At the November special Town Meeting, Article 7 will look to eliminate section 179.4 and Article 8 will look for the approval to add the enforcement and fines for unreasonable noise.
Articles 9-12 were all proposed by the Planning Board and Select Board Chair Andrea Miles said the board has received “a bunch” of emails asking the Select Board to not include various zoning bylaws but said she was hesitant to do so because “that would be the Select Board suggesting that the Planning Board hadn’t been doing their job,” and “we have elected Town Meeting members and it is their job to vote on the articles.”
Article 9 is an amendment to Zoning Bylaw 255-31 Flexible Development and 255 Attachment 1 Use Regulations Schedule.
Based on the background, the Planning Board has been working on amendments to the 1995 Subdivision Regulations since July 2023.
The amendments have some implications on the Zoning Bylaw, specifically the Flexible Development Bylaw 255-31, which needs to be addressed before any changes to the Subdivision Regulations can be adopted by the Planning Board.

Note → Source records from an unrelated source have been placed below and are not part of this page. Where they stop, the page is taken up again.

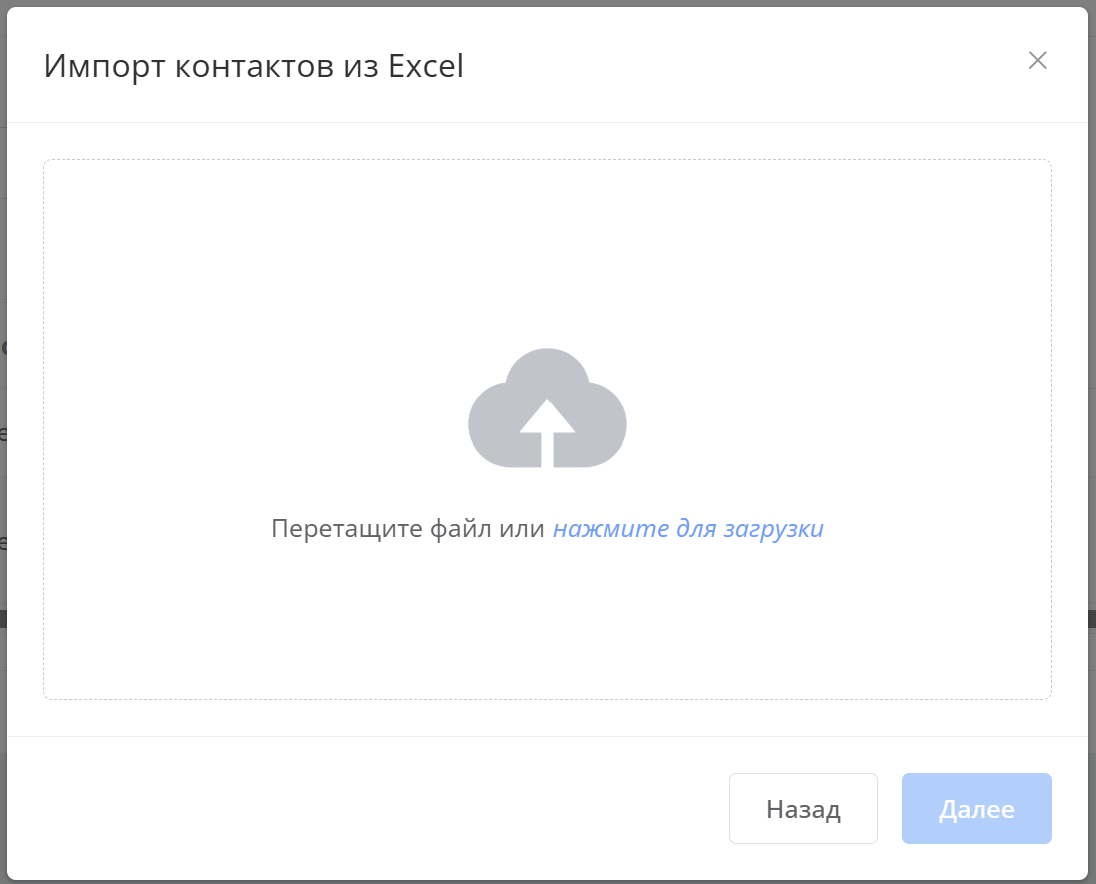 На втором шаге перетащите файл Excel в область загрузки или выберите его с компьютера. Поддерживаются типы: .xls, .xlsx.
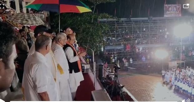 ಬಂಟ್ವಾಳ: ಮುಖ್ಯಮಂತ್ರಿ ಬಸವರಾಜ ಬೊಮ್ಮಾಯಿ ಅವರು ಸುರಿಯುವ ಮಳೆಯನ್ನು ಲೆಕ್ಕಿಸದೆ ಶನಿವಾರ ರಾತ್ರಿ ಬಂಟ್ವಾಳ ತಾಲೂಕು ಕಲ್ಲಡ್ಕದ ಶ್ರೀರಾಮ ವಿದ್ಯಾಕೇಂದ್ರದಲ್ಲಿ ನಡೆದ ಹೊನಲು ಬೆಳಕಿನ ಕ್ರೀಡೋತ್ಸವವನ್ನು ವೀಕ್ಷಿಸಿದರು.
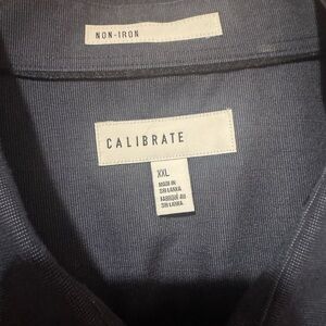 This is a modern men's short sleeve button-up shirt by Calibrate, featuring a non-iron fabric in a solid blue color. The shirt has two front chest pockets with button closures and is sized XXL. It appears to be a contemporary, casual style suitable for everyday or business casual wear.

Flexible Development is a zoning tool that essentially creates a subdivision or other residential development with multiple dwellings with a portion of the site devoted to protected open space.
The proposed amendments to the Flexible Development Bylaw are needed to ensure consistency with the updated Subdivision Regulations, and to incentivize use of it as an alternative to a traditional subdivision which does not require any protection of open space.

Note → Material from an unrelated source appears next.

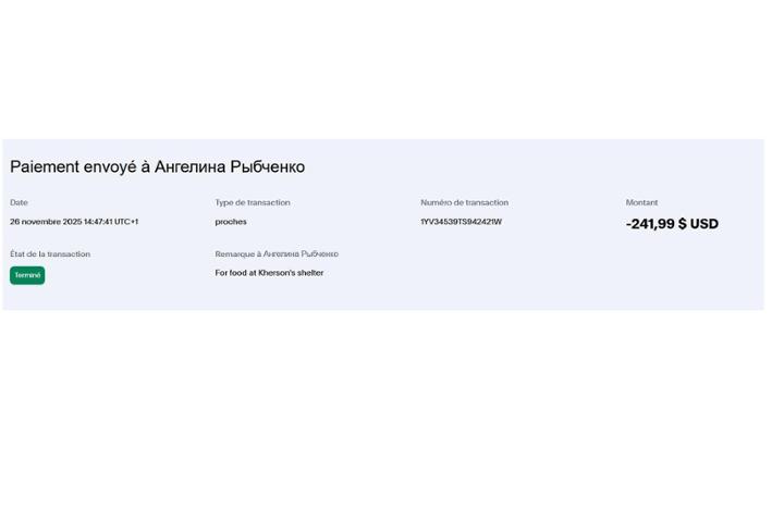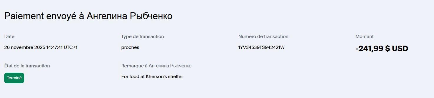 Si vous souhaitez faire un don unique et plus conséquent, voici le paypal de l'oranisation ukrainienne : PayPal oleshkishelter@gmail.com
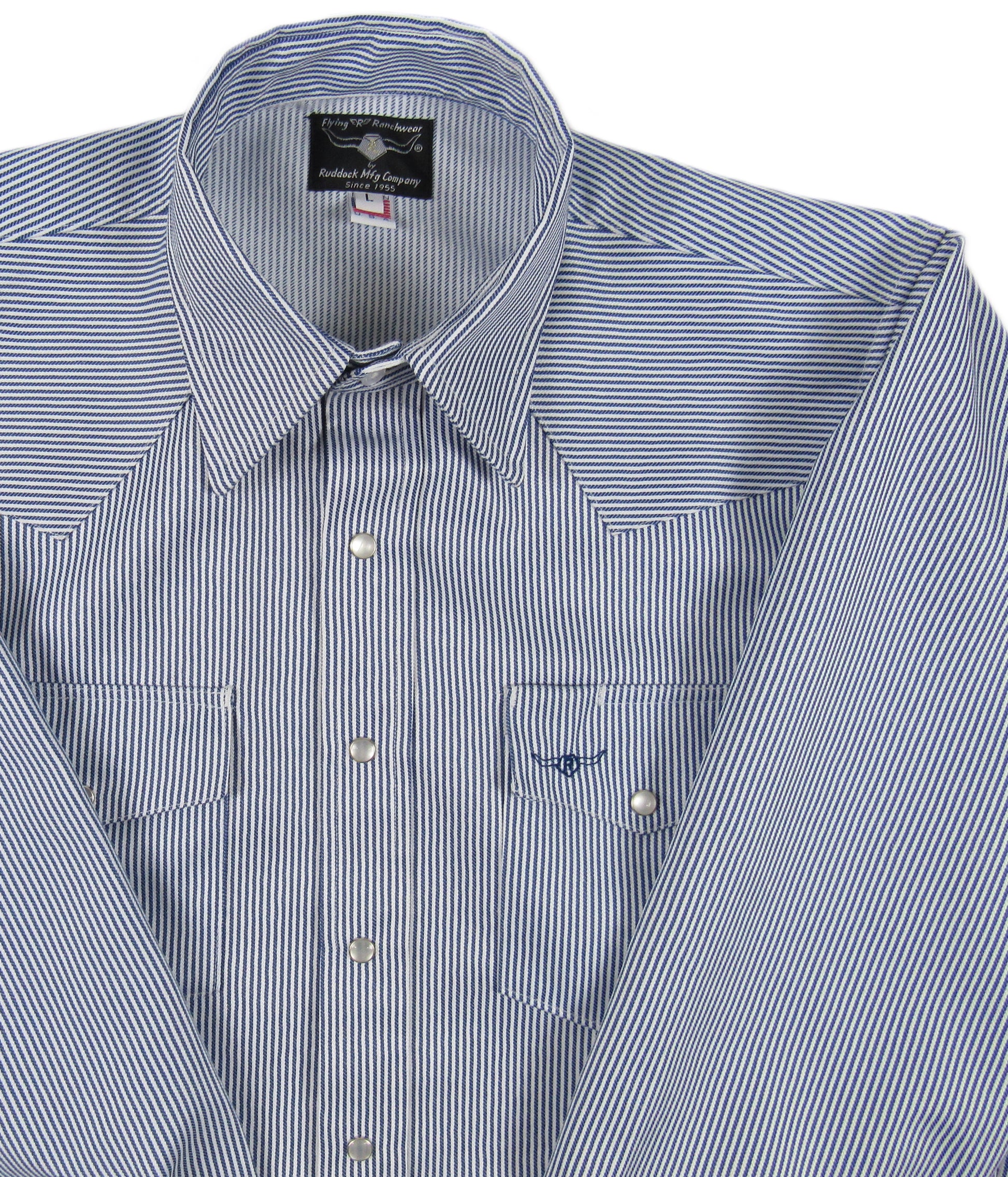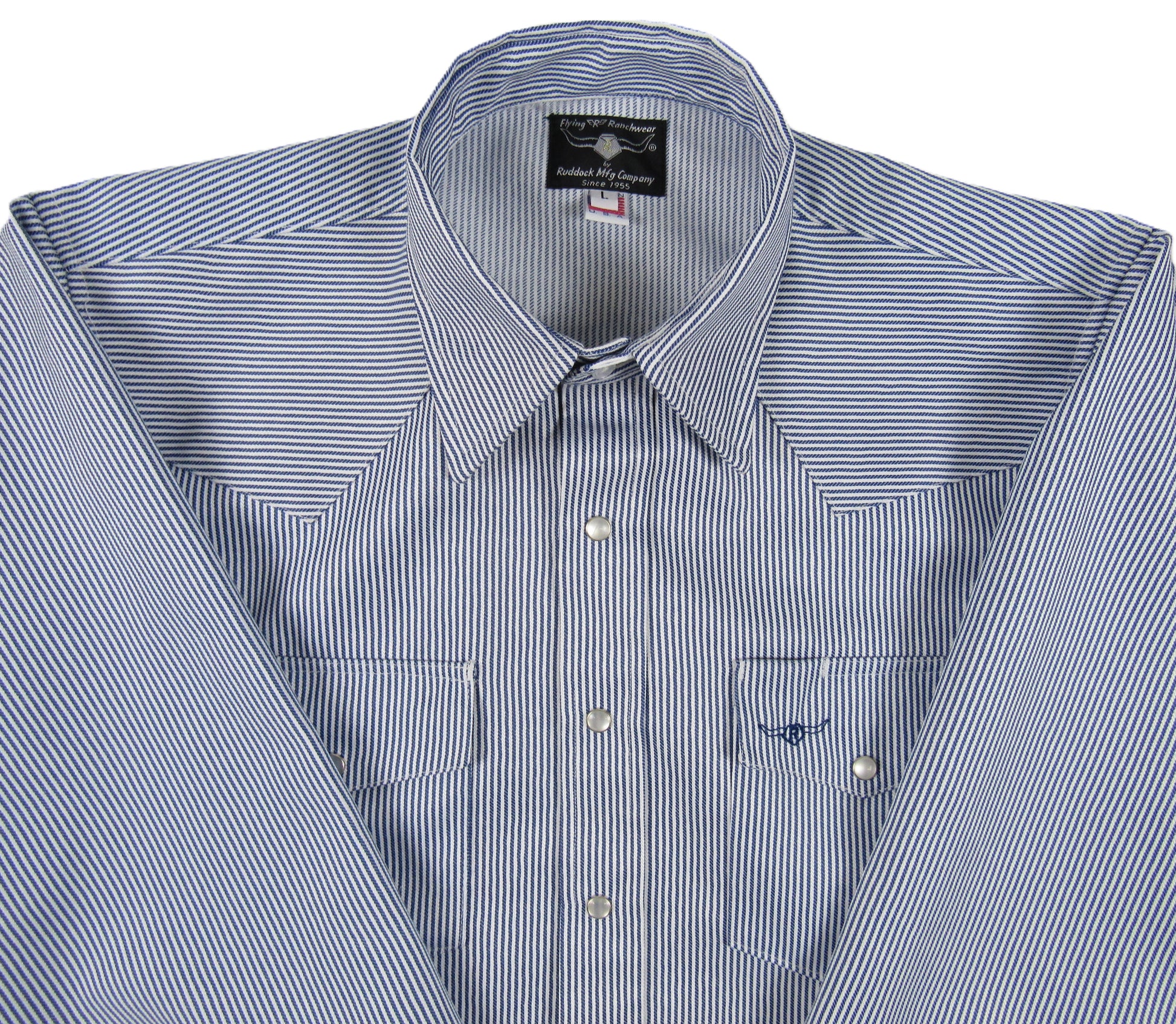 Clearance - Flying R Ranchwear - Denim Hickory Stripe - Blue & White - Long Sleeve

The Planning Board stated that since adoption of the Flexible Development Bylaw in 2004, it has only been used three times and is therefore not an effective zoning tool for stimulating new residential development that has the added benefit of protecting open space.
Article 10 will see if the town will vote to adopt a new Zoning Bylaw Common Drive to regulate multi-family developments and developments with more than one building for dwelling purposes on a single parcel of land.
The intent of this bylaw is to remove regulation of non-subdivision roads from the Subdivision Regulations, and establish standards for their design, construction and maintenance separately within the Zoning Bylaw.
An example of a non-subdivision roadway, called a “common drive”, would be a roadway within a multifamily development such as a condominium complex.
Article 11 is to see if the town will vote to adopt a new Zoning Bylaw Common Open Space to provide consistent standards for the provision and maintenance of such wherever common open space is required as a component of a residential development within the Zoning Bylaw.
The intent of this bylaw is to create consistent standards for common open space for all sections of the Zoning Bylaw where such is required.
The proposed bylaw is essentially composed of all of the common open space standards that are being pulled out of the Flexible Development Bylaw.
Article 12 is to see if the town will vote to amend the Zoning Bylaw Chapter 255-47 multi-family and multiple dwellings by deleting subsection D. The proposed Zoning Bylaw package addresses numerous goals, objectives, and actions in the 2020 Master Plan.
Multiple public meetings and hearings have been hosted on these four bylaws before the proposed amendments were sent to the Select Board. Background information and discussion during past meetings and hearings will be available on the town website under Town Meeting warrant information.